BEGIN

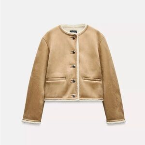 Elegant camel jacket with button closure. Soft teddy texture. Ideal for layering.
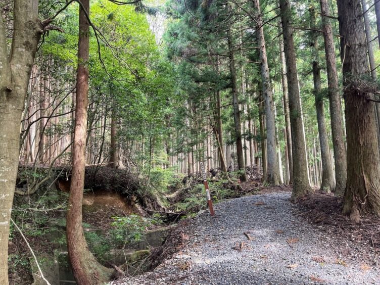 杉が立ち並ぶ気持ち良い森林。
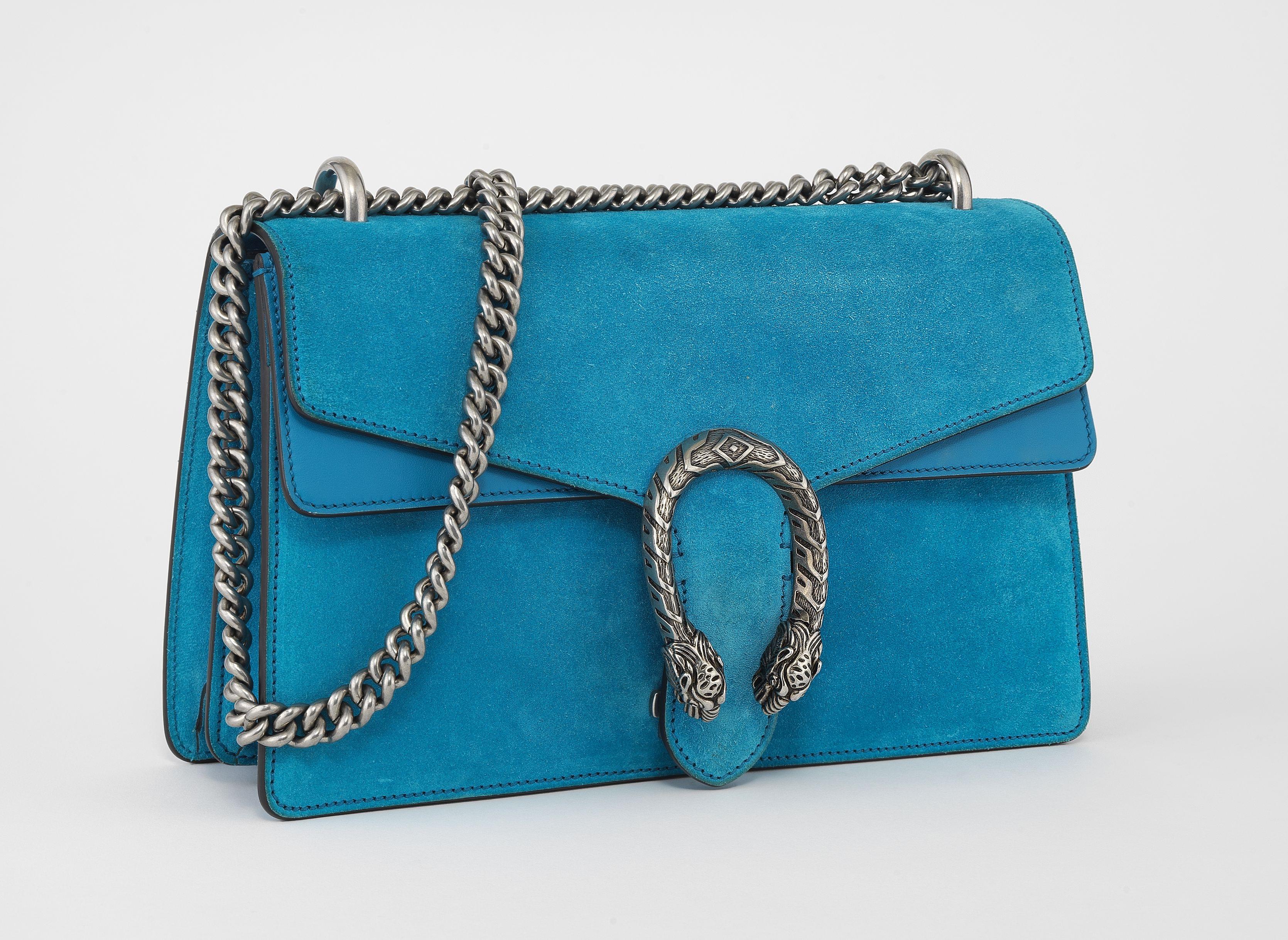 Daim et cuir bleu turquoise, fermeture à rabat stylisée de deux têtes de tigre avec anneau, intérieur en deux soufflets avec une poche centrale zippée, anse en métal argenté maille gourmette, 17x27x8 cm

END

Could you give all of the data again exactly as written, omitting any pictures?

**Expected answer:**
 Elegant camel jacket with button closure. Soft teddy texture. Ideal for layering.
 杉が立ち並ぶ気持ち良い森林。
 Daim et cuir bleu turquoise, fermeture à rabat stylisée de deux têtes de tigre avec anneau, intérieur en deux soufflets avec une poche centrale zippée, anse en métal argenté maille gourmette, 17x27x8 cm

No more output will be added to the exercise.